Trust drives business performance. PricewaterhouseCoopers’ (PwC) research indicates that when companies focus on mission and their own distinctive capabilities, especially their values, they generally achieve significantly higher profitability levels as compared to competitors that do not. Consumers make choices not just based on the service provided, but more and more because of overall trust in the organization. PwC’s recent article, “Redefining Business Success in a Changing World, CEO Survey”, contained data from interviews with 1,409 CEOs in 83 countries. Most of the CEOs (55%) are concerned about the lack of trust in business today; just 37% expressed this concern 3 years ago.
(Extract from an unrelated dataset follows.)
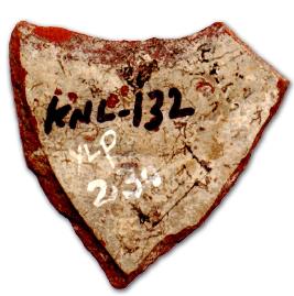 | Description / विवरण | Fragment of a red ware pot, painted with black colour, thick lines are drawn slantingly from the rim portion extended to the shoulders. |

CEOs understand that customers, employees and other stakeholders increasingly care about what an organization stands for. Of the CEOs surveyed, 84% believe customers value how organizations conduct themselves in society. Most (69%) believe their organizational purpose involves adding value for stakeholders beyond just customers and investors and their mission should embrace the employees, wider society and even the organization’s supply chain. Many CEOs (45%) felt that serving this broad constituency had always been in their mission. Moreover, evolving societal expectations caused an additional 24% to broaden their mission over the last three years in response.
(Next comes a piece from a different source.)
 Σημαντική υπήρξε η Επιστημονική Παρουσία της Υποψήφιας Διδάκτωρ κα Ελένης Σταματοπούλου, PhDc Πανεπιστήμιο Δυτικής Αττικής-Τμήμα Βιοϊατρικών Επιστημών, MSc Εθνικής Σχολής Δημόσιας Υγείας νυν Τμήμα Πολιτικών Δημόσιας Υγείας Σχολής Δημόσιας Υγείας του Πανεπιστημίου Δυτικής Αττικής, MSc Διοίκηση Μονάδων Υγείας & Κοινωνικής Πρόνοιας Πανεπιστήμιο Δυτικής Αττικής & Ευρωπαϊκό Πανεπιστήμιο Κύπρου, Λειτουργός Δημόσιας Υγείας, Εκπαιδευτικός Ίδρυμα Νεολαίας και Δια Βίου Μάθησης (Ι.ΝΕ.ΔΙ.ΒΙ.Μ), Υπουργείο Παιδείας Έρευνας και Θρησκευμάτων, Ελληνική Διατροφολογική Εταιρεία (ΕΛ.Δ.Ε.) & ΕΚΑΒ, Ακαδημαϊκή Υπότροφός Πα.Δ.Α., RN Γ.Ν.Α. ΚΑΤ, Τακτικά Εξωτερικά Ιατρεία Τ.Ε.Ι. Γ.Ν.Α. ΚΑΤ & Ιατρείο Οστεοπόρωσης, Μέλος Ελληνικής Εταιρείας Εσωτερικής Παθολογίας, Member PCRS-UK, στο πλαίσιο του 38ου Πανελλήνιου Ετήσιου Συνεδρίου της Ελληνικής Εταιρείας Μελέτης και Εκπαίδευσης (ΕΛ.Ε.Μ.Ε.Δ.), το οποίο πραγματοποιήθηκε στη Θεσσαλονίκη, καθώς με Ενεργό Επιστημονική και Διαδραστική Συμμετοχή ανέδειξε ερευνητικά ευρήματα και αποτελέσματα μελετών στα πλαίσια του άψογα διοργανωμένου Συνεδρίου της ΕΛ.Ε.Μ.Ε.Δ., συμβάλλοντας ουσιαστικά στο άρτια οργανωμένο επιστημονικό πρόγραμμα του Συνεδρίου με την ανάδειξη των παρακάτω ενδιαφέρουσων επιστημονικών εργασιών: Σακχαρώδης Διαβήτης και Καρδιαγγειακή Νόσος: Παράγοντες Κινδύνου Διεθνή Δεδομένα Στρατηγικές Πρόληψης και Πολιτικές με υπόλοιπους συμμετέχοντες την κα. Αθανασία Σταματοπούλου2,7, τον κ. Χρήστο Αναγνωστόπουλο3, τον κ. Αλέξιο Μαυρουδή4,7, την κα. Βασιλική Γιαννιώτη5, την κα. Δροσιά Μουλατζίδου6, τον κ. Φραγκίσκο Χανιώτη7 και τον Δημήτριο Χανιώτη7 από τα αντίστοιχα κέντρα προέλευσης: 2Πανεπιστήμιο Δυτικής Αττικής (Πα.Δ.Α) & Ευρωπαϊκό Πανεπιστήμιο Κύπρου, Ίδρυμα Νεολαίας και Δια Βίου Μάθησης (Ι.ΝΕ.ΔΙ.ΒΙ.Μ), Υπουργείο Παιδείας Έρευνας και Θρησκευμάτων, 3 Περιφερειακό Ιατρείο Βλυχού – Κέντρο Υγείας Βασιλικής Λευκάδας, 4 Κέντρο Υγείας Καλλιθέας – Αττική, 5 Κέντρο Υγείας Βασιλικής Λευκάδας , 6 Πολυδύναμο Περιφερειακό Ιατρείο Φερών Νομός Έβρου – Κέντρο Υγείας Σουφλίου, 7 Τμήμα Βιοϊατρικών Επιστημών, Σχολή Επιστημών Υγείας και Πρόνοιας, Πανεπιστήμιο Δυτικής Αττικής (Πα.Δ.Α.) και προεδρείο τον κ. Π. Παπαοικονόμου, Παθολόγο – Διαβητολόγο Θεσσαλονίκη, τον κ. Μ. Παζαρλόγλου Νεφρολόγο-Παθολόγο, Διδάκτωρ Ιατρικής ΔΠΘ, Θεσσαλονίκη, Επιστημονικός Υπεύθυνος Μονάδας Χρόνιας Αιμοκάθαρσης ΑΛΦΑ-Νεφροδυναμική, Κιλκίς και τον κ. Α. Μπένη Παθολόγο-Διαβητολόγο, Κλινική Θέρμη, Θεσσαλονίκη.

An organization positions itself to create the best value for customers and investors, and also for society when it aligns its strategy around its values and purpose, commits to them and effectively executes the strategy with them in mind. This builds trust, and trust attracts new customers and retains existing ones. Prospective employees that are aligned with the values and mission are attracted to the company, existing employees choose to stay, partners are more willing to collaborate, and investors are more prepared to entrust stewardship of their funding.
Most CEOs (64%) believe that corporate social responsibility is core to their business, not just a “program”. A CEO taking a values-based stand on issues that their customers care about enhances brand loyalty and trust. In fact, research conducted jointly by the Duke and Harvard Business Schools suggests that CEO activism, not only can affect public opinion, it can increase interest in the company’s products. Take the case of Apple’s CEO Tim Cook. He supports LGBT nondiscrimination and marriage equality, and he publicly states his opposition to state laws deemed adverse to LGBT Americans. It appears that Mr. Cook’s values, Apple’s core values and those of Apple customers are aligned. The Duke/Harvard data show that the benefits for Apple outweigh possible harm as customer gains from Mr. Cook’s advocacy outweigh potential losses by those who disagreed with him. Customers increased their trust in Apple as a result.
There are more channels than ever to create a two-way street for learning from stakeholders and disseminating information to them. For example, social media can be used to “listen actively” to stakeholders and in so doing companies gain valuable insights on motivations and priorities of customers, investors and other stakeholders, which can be continually employed to help develop strategy. In disseminating information, describing how the organization is serving stakeholders can be difficult to articulate. Many CEOs (33%) feel a conflict between financial expectations and wider stakeholder needs, as long-term strategies that build trust may appear counter to the often-intense focus on short-term performance. Even so, PwC found that CEOs (82%) prioritize long-term over short-term views. They know and understand the significance of effectively communicating their values, the organization’s values and how the organization’s mission serves society as a whole.